## [Extracted entries]

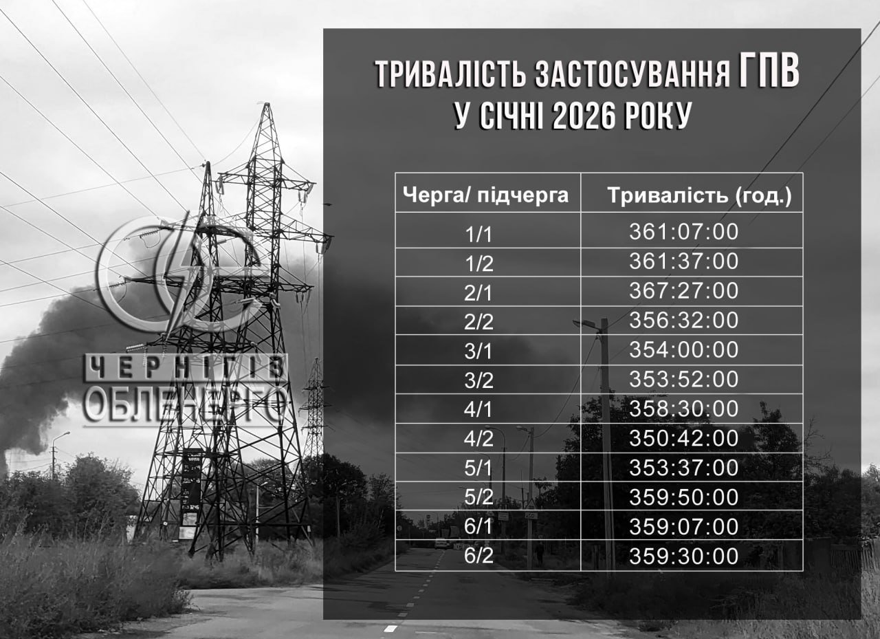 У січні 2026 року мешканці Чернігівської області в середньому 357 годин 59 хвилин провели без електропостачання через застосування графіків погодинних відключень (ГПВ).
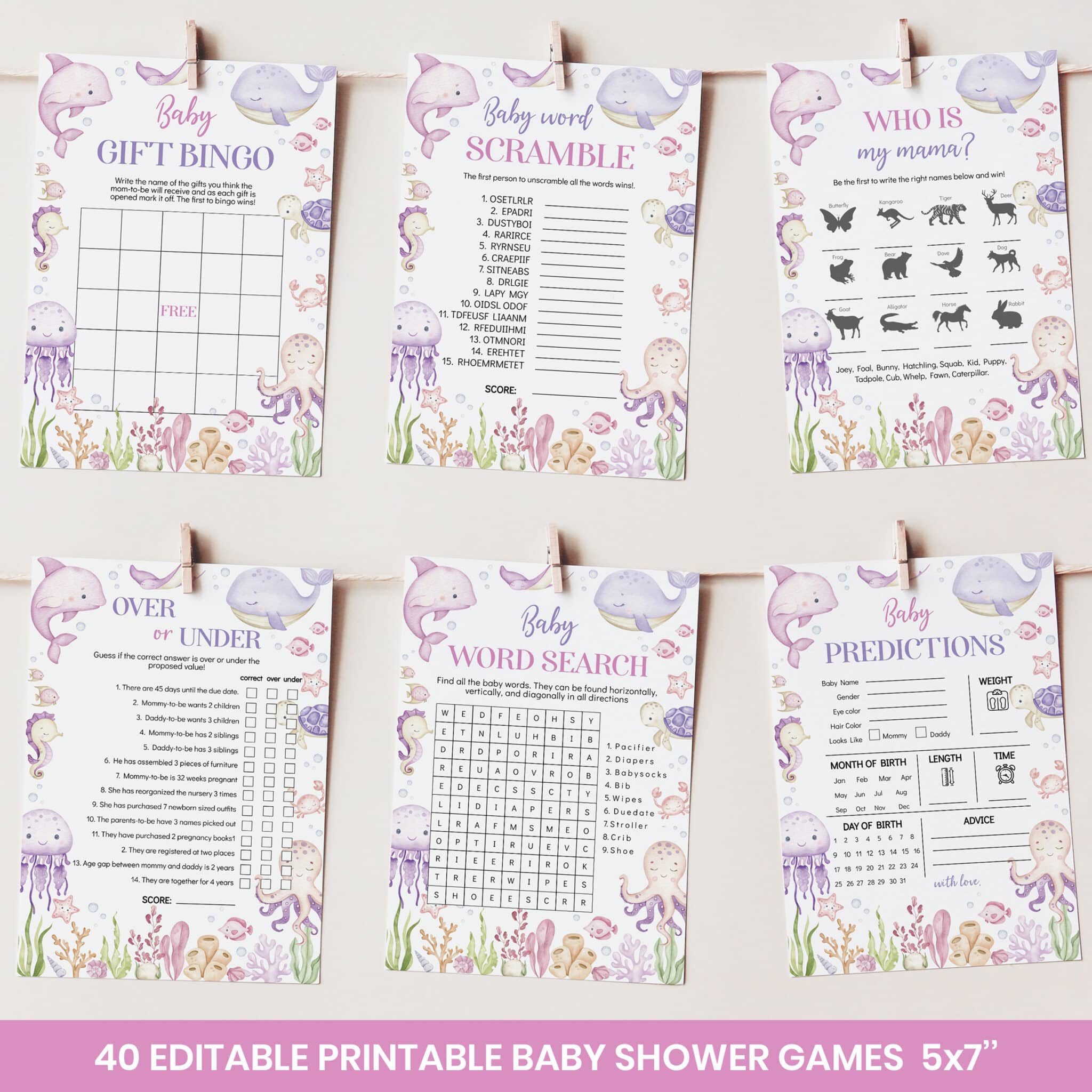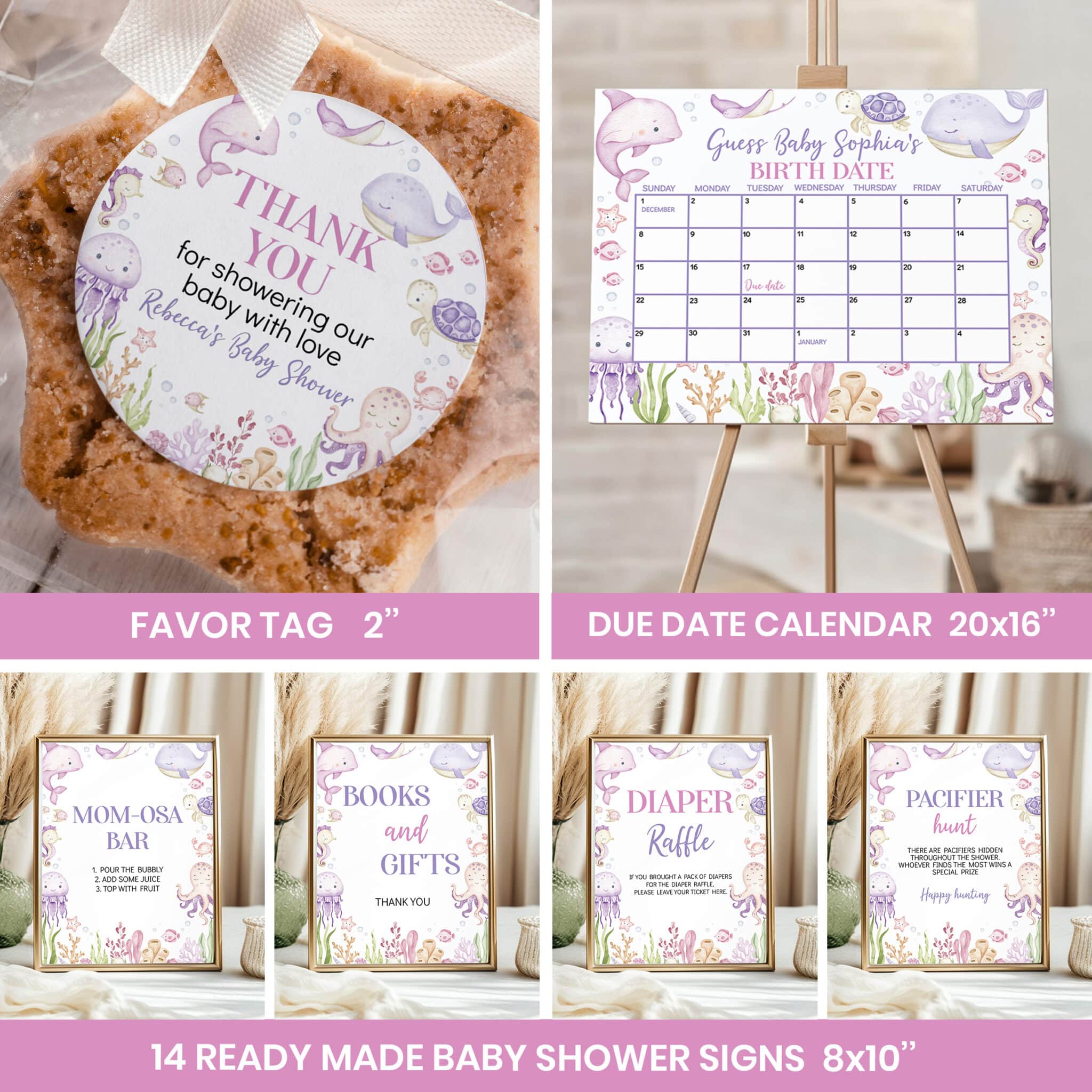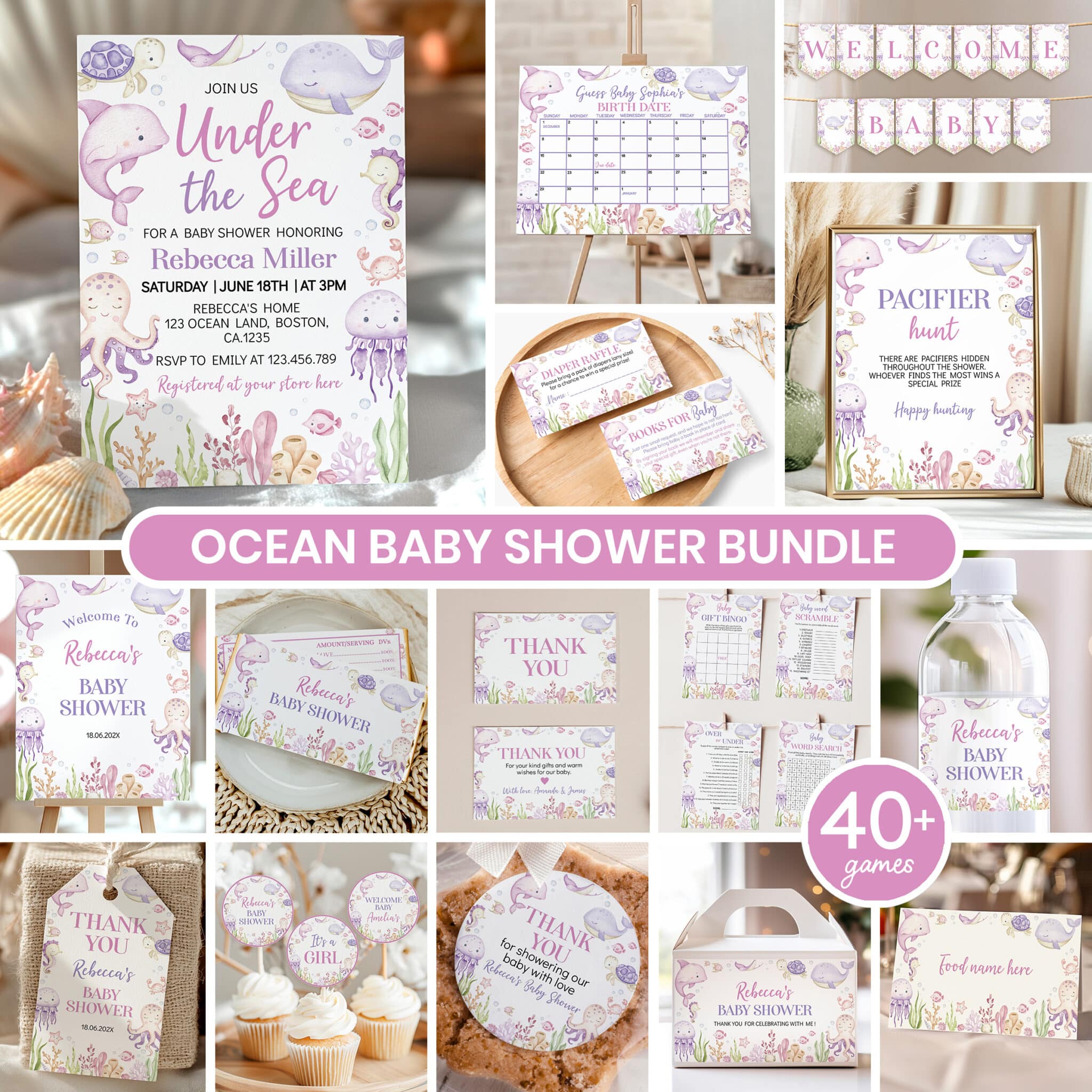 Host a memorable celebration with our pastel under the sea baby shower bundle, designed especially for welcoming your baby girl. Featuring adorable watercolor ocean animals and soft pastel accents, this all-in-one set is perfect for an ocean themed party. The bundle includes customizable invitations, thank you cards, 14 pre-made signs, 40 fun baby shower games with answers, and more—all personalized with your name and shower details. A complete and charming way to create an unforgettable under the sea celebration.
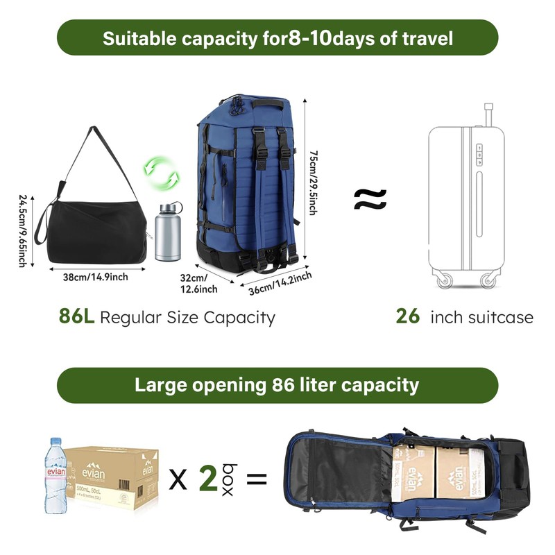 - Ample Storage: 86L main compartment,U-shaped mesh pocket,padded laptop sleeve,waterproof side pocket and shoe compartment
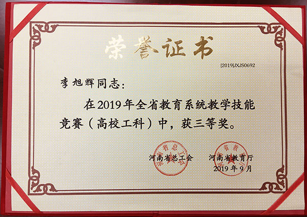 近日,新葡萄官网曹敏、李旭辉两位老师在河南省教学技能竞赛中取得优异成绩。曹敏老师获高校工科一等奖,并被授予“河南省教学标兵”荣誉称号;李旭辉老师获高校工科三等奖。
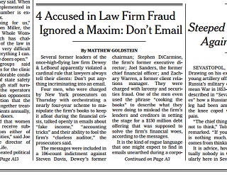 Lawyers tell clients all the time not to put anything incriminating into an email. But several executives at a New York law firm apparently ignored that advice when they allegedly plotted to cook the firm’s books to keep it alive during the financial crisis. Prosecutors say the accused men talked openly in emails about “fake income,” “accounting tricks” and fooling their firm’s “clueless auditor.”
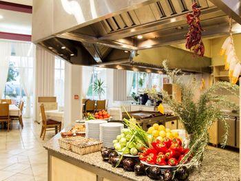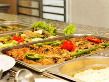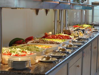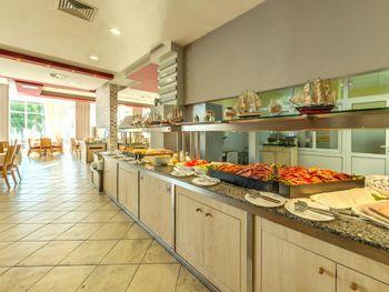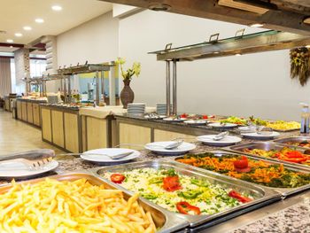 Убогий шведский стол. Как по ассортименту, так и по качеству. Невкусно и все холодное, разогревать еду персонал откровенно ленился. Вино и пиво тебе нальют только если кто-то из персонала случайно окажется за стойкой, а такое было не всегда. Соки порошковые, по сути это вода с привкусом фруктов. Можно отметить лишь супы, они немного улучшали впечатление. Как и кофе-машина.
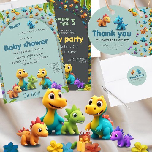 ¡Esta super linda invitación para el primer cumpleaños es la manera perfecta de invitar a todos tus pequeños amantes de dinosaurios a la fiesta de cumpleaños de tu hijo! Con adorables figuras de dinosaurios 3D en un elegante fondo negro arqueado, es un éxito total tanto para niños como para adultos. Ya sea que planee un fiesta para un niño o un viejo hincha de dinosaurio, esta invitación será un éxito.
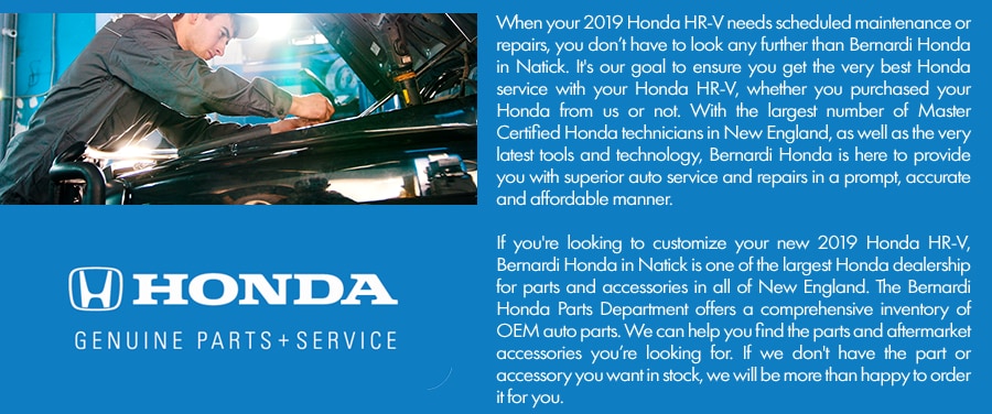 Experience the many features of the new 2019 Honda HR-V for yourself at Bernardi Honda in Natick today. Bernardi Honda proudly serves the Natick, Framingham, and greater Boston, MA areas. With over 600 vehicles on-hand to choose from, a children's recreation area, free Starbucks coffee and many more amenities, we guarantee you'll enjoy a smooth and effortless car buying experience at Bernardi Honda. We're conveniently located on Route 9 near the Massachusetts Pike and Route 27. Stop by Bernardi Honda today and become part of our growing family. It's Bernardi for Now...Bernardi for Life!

## [Task requirements]
Write out all the entries precisely as given, omitting each image.

## [Answer box]
 У січні 2026 року мешканці Чернігівської області в середньому 357 годин 59 хвилин провели без електропостачання через застосування графіків погодинних відключень (ГПВ).
 Host a memorable celebration with our pastel under the sea baby shower bundle, designed especially for welcoming your baby girl. Featuring adorable watercolor ocean animals and soft pastel accents, this all-in-one set is perfect for an ocean themed party. The bundle includes customizable invitations, thank you cards, 14 pre-made signs, 40 fun baby shower games with answers, and more—all personalized with your name and shower details. A complete and charming way to create an unforgettable under the sea celebration.
 - Ample Storage: 86L main compartment,U-shaped mesh pocket,padded laptop sleeve,waterproof side pocket and shoe compartment
 近日,新葡萄官网曹敏、李旭辉两位老师在河南省教学技能竞赛中取得优异成绩。曹敏老师获高校工科一等奖,并被授予“河南省教学标兵”荣誉称号;李旭辉老师获高校工科三等奖。
 Lawyers tell clients all the time not to put anything incriminating into an email. But several executives at a New York law firm apparently ignored that advice when they allegedly plotted to cook the firm’s books to keep it alive during the financial crisis. Prosecutors say the accused men talked openly in emails about “fake income,” “accounting tricks” and fooling their firm’s “clueless auditor.”
 Убогий шведский стол. Как по ассортименту, так и по качеству. Невкусно и все холодное, разогревать еду персонал откровенно ленился. Вино и пиво тебе нальют только если кто-то из персонала случайно окажется за стойкой, а такое было не всегда. Соки порошковые, по сути это вода с привкусом фруктов. Можно отметить лишь супы, они немного улучшали впечатление. Как и кофе-машина.
 ¡Esta super linda invitación para el primer cumpleaños es la manera perfecta de invitar a todos tus pequeños amantes de dinosaurios a la fiesta de cumpleaños de tu hijo! Con adorables figuras de dinosaurios 3D en un elegante fondo negro arqueado, es un éxito total tanto para niños como para adultos. Ya sea que planee un fiesta para un niño o un viejo hincha de dinosaurio, esta invitación será un éxito.
 Experience the many features of the new 2019 Honda HR-V for yourself at Bernardi Honda in Natick today. Bernardi Honda proudly serves the Natick, Framingham, and greater Boston, MA areas. With over 600 vehicles on-hand to choose from, a children's recreation area, free Starbucks coffee and many more amenities, we guarantee you'll enjoy a smooth and effortless car buying experience at Bernardi Honda. We're conveniently located on Route 9 near the Massachusetts Pike and Route 27. Stop by Bernardi Honda today and become part of our growing family. It's Bernardi for Now...Bernardi for Life!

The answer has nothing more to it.